Input records.
*** Begin section ***

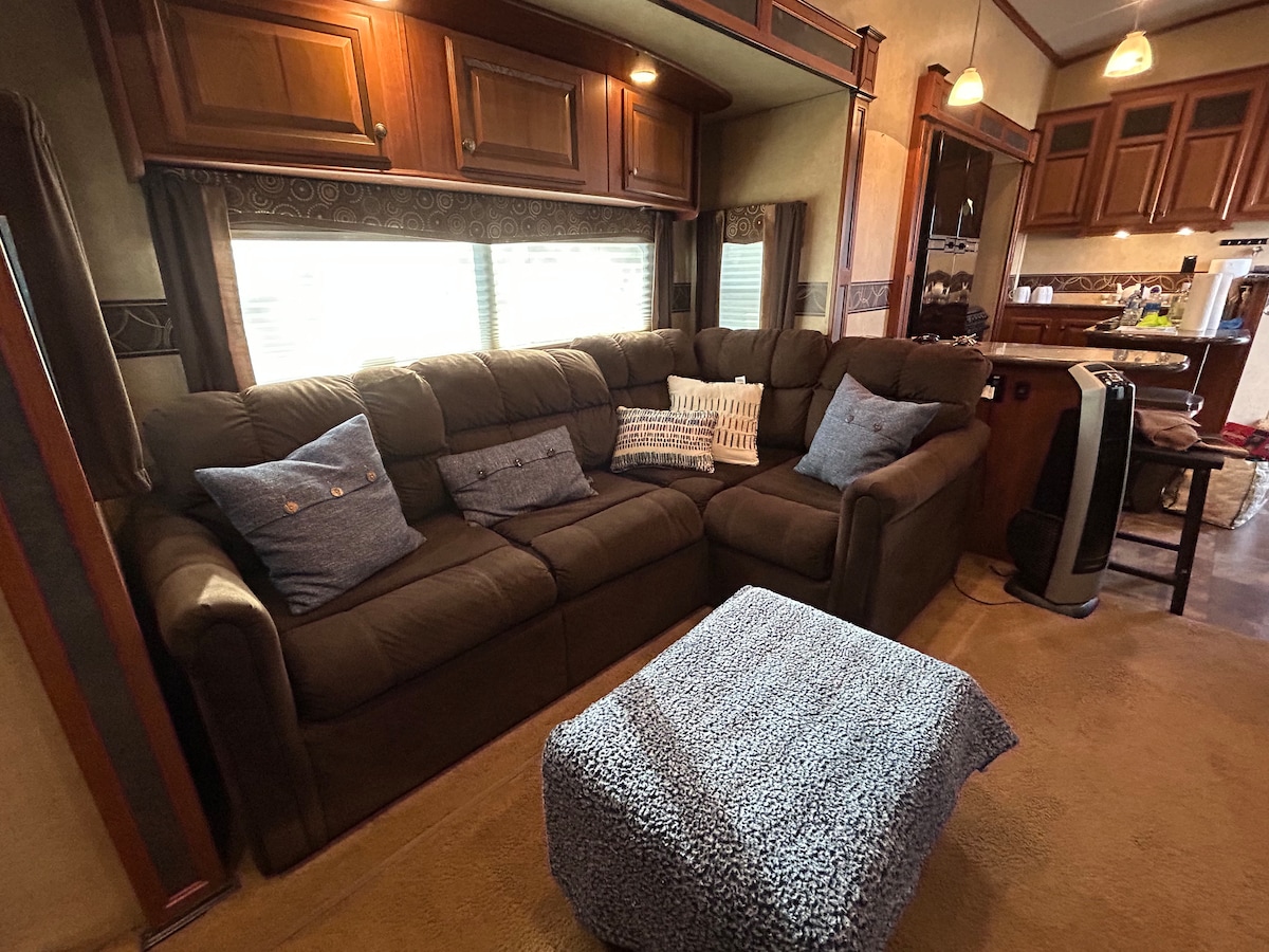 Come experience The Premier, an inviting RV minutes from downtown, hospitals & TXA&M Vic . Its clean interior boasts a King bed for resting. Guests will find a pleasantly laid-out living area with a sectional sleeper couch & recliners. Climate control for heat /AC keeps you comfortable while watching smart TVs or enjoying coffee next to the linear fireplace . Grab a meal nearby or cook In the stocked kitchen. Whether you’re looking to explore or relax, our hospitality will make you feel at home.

*** End section ***
*** Begin section ***

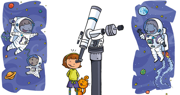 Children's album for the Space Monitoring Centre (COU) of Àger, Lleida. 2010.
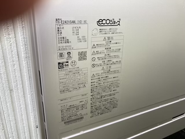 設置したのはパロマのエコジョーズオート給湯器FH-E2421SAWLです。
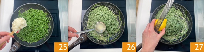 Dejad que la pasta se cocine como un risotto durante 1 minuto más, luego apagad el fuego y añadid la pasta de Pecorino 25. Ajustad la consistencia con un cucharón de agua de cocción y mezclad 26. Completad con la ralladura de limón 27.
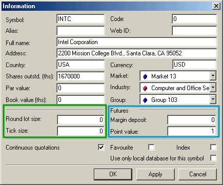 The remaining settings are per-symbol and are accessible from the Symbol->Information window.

*** End section ***
*** Begin section ***

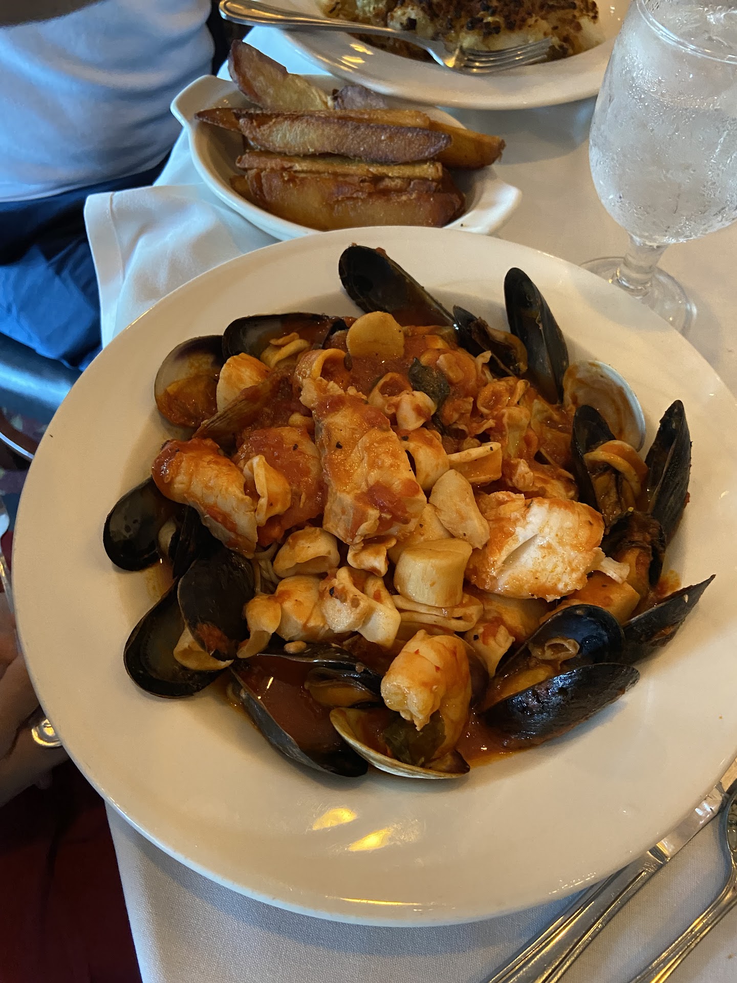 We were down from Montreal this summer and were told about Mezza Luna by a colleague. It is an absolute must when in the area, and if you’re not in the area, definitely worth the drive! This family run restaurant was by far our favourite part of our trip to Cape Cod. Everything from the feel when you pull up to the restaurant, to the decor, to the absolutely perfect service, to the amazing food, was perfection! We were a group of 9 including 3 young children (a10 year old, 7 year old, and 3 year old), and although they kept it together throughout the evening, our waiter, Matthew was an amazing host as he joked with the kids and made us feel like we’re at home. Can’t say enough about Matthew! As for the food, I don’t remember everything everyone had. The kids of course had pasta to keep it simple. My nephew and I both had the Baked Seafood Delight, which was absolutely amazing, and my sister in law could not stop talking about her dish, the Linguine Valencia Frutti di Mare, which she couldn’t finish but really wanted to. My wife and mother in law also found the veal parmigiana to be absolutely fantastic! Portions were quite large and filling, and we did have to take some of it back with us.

*** End section ***

Problem to solve.
In the listing above, find the line with "Dejad que la" and the line with "The remaining settings". Set down exactly those lines and everything between them, skipping pictures.

Result for this task.
 Dejad que la pasta se cocine como un risotto durante 1 minuto más, luego apagad el fuego y añadid la pasta de Pecorino 25. Ajustad la consistencia con un cucharón de agua de cocción y mezclad 26. Completad con la ralladura de limón 27.
 The remaining settings are per-symbol and are accessible from the Symbol->Information window.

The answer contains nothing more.